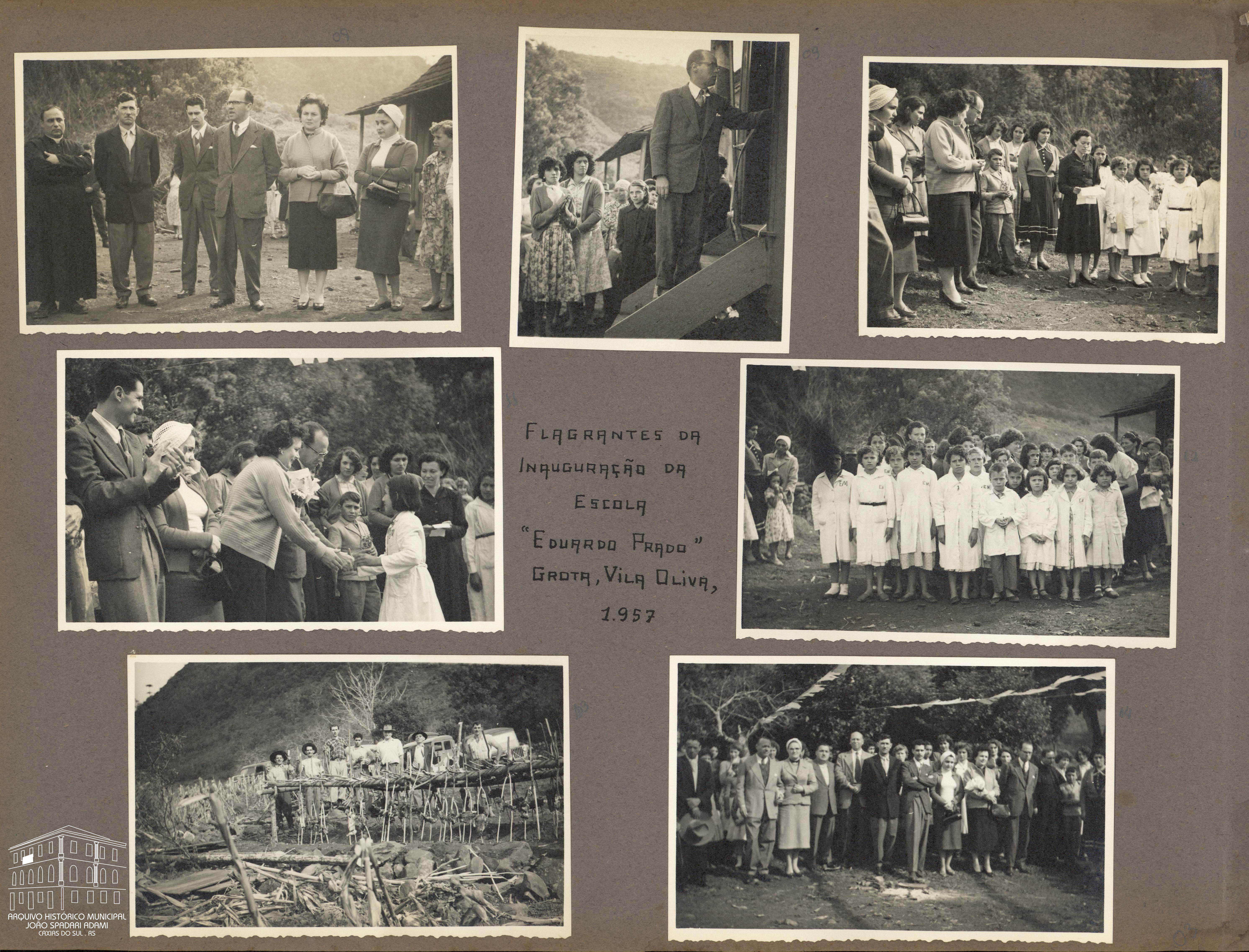 Foto 8:Ao centro, de óculos, Prefeito Rubem Bento Alves na inauguração da Escola Eduardo Prado, situada na Grota, em Vila Oliva, no ano de 1957.
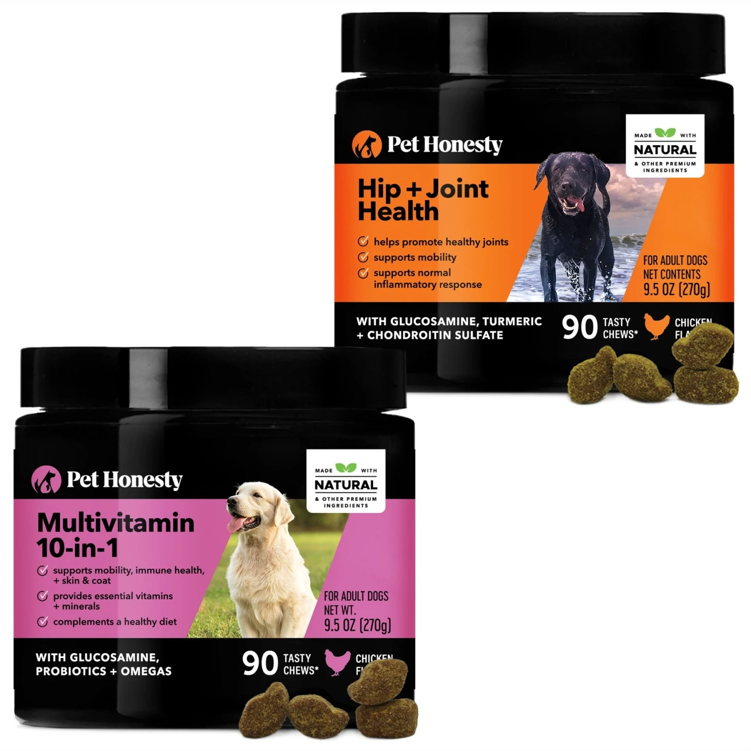 PetHonesty 10-for-1 Chicken Flavored Soft Chews Multivitamin for Dogs, 90 count—Help support your furry friend’s overall daily health with PetHonesty’s 10-for-1 Multivitamin Treats with Glucosamine, Probiotics, Omegas and more! These vet-recommended chews are made with a wag-worthy natural chicken flavor and a combination of glucosamine, vitamin C, omegas, vitamin A and other essential vitamins and minerals! These ingredients work together to support hip and joint health, heart health, and skin and coat health. They also help promote energy and offer your pup the antioxidants and probiotics he needs for normal and healthy digestion. Not only do these multivitamins help provide your pet with 10 different health benefits, but they are also completely free of GMOs, wheat, corn, soy and harsh preservatives, for a chew you can feel good about choosing for your canine companion.
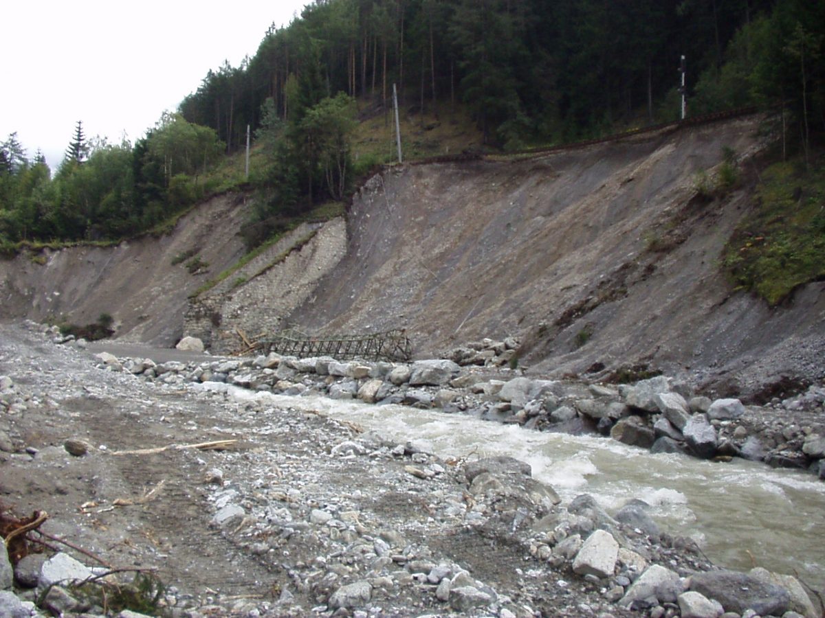 Im Tiroler Oberland haben im Zeitraum 22. – 24. August 2005 intensive Starkniederschläge zu Hochwässern an den verschiedensten Bächen und Flüssen geführt. Das Hochwasser an der Rosanna bewirkte entlang der ÖBB-Strecke zwischen Landeck und St. Anton am Arlberg zahlreiche schwere Schäden an den Uferböschungen.
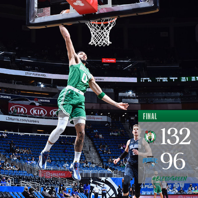 凯尔特人132-96大胜魔术 塔图姆三节打卡27+7 沃克32分
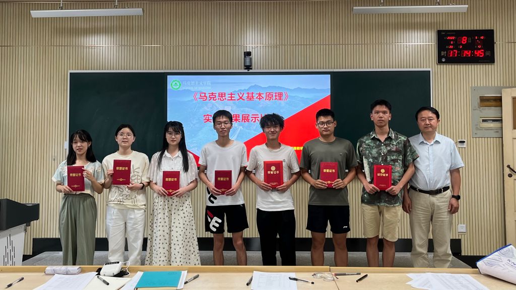 “马克思主义基本原理”实践作品展示中,7名同学获得一等奖, 15名同学获得二等奖,40名同学获得三等奖。“毛泽东思想和中国特色社会主义理论体系概论”实践作品展示中,9名同学一等奖,17名同学获二等奖,25名同学获三等奖。
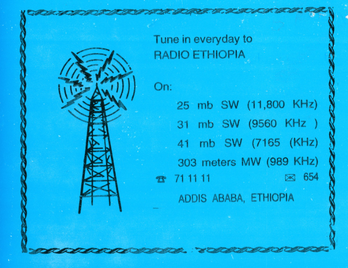 | 6090 | 0258-2100 | Amhara State Radio | Ethiopia | Amharic | 1234567 | 100 | Geja Jewe |
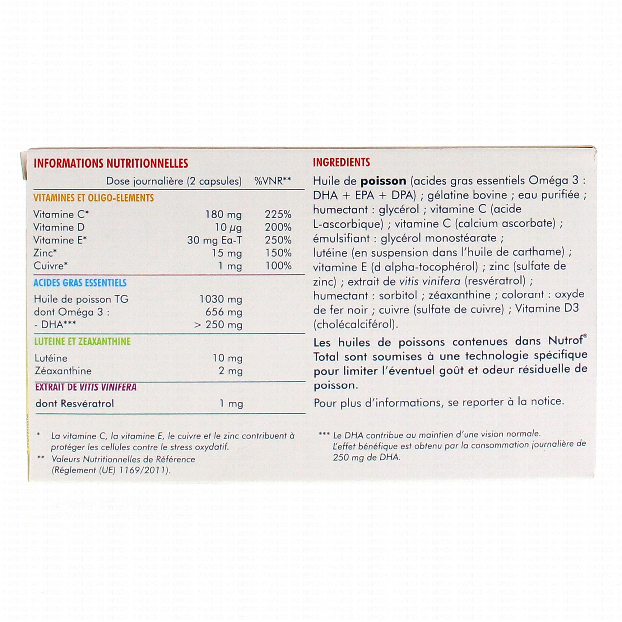 Huile de poisson (acides gras essentiels oméga 3), gélatine bovine, eau purifiée, vitamine C (acide ascorbique), émulsifiant :glycérol monostéarate, humectant : sorbitol, épaississant : glycérol, lutéine, zéaxanthine, huile de carthame, vitamine E (d alpha-tocophérol), zinc (sulfate de zinc), extrait de Vitis vinifera (resvératrol), zéaxanthine, huile de carthame, colorants : oxyde de fer noir, oxyde de fer rouge, cuivre (sulfate de cuivre).
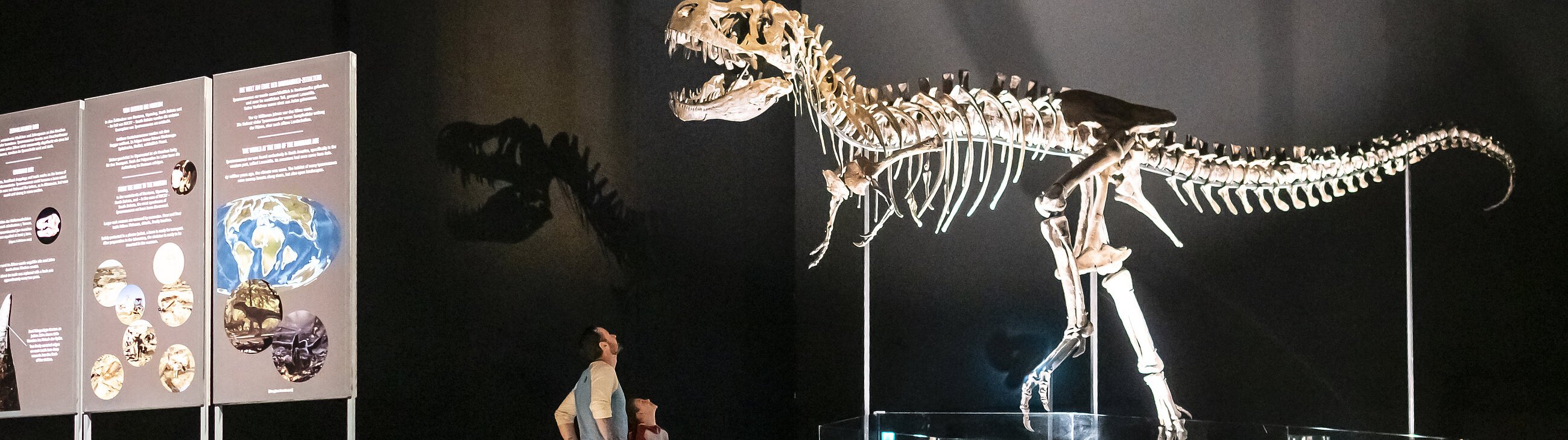 Weitere Highlights sind in der Museumshalle zu sehen. Neben original Fossilien wird das echte Skelett des T.rex „Rocky“ ausgestellt. „Rocky“ ist eine Besonderheit unter den Dinosauriern. Denn er ist der erste jemals gefundene Tyrannosaurus rex im Teenager-Alter, mit einem ungewöhnlich gut erhaltenen Skelett. Es bietet uns Erkenntnisse über die Lebensweise der Urzeitgiganten gegen Ende der Kreidezeit vor 66 Millionen Jahren. In seiner kurzen Lebenszeit hat er schon so einiges überstanden, wie furchterregende Bissspuren in seinem Skelett belegen. Eine weitere Sensation ist „Dracula“, der größte und schwerste Flugsaurier, der jemals gefunden wurde. Stehend war er so groß wie eine Giraffe und seine Flügelspannweite betrug mindestens 12 Meter. Außerdem ist im Dinosaurier Museum nicht nur der erdgeschichtlich älteste Urvogel Archaeopteryx zu sehen, sondern auch das erdgeschichtlich jüngste Exemplar, der Archaeopteryx albersdoerferi.
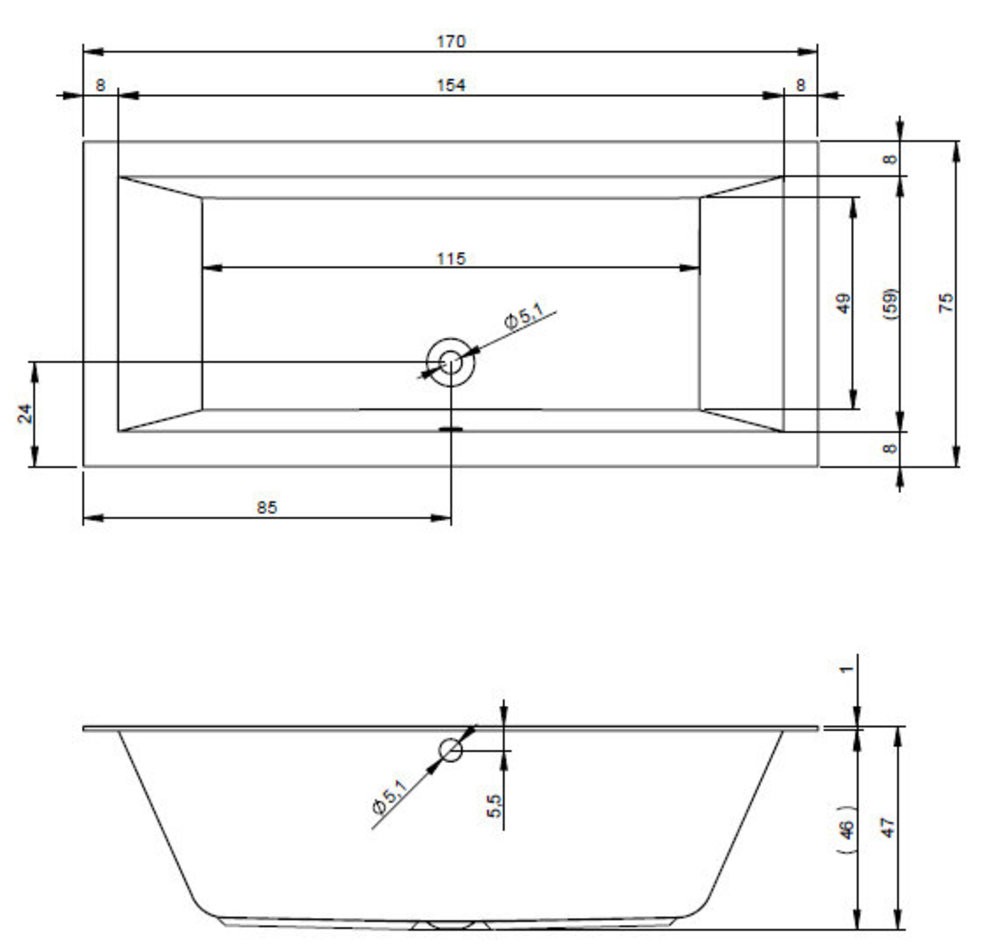 Ванна гидромассажная Riho Lugo 170 x 75 см, FLOW
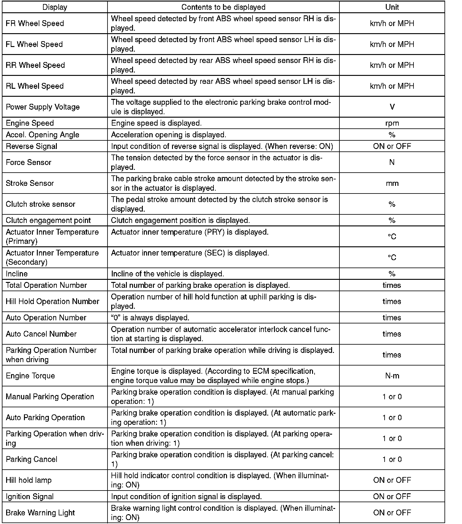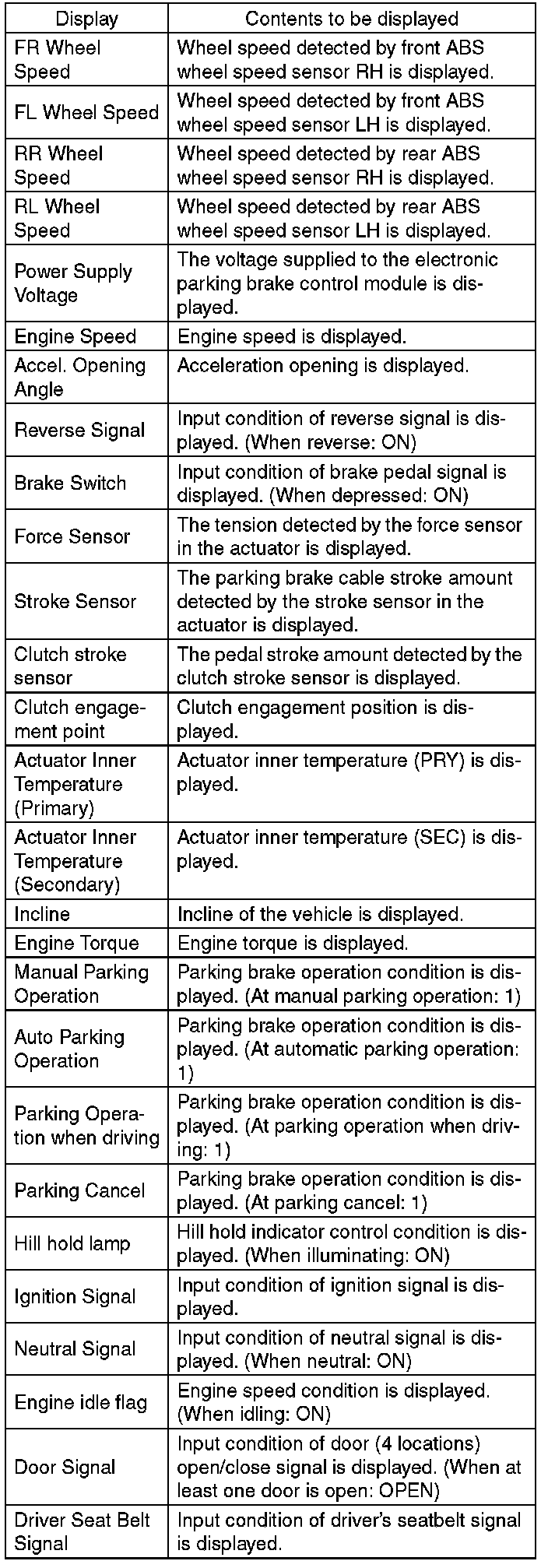 ^ This function can be used for replacement parts of the electronic parking brake control module.

────────────────────

§ Task item:
Above are the records; return the lines in them from the one with "Im Tiroler Oberland" to the one with "Huile de poisson", inclusive, exactly and without images.

§ Reply to the exercise:
 Im Tiroler Oberland haben im Zeitraum 22. – 24. August 2005 intensive Starkniederschläge zu Hochwässern an den verschiedensten Bächen und Flüssen geführt. Das Hochwasser an der Rosanna bewirkte entlang der ÖBB-Strecke zwischen Landeck und St. Anton am Arlberg zahlreiche schwere Schäden an den Uferböschungen.
 凯尔特人132-96大胜魔术 塔图姆三节打卡27+7 沃克32分
 “马克思主义基本原理”实践作品展示中,7名同学获得一等奖, 15名同学获得二等奖,40名同学获得三等奖。“毛泽东思想和中国特色社会主义理论体系概论”实践作品展示中,9名同学一等奖,17名同学获二等奖,25名同学获三等奖。
 | 6090 | 0258-2100 | Amhara State Radio | Ethiopia | Amharic | 1234567 | 100 | Geja Jewe |
 Huile de poisson (acides gras essentiels oméga 3), gélatine bovine, eau purifiée, vitamine C (acide ascorbique), émulsifiant :glycérol monostéarate, humectant : sorbitol, épaississant : glycérol, lutéine, zéaxanthine, huile de carthame, vitamine E (d alpha-tocophérol), zinc (sulfate de zinc), extrait de Vitis vinifera (resvératrol), zéaxanthine, huile de carthame, colorants : oxyde de fer noir, oxyde de fer rouge, cuivre (sulfate de cuivre).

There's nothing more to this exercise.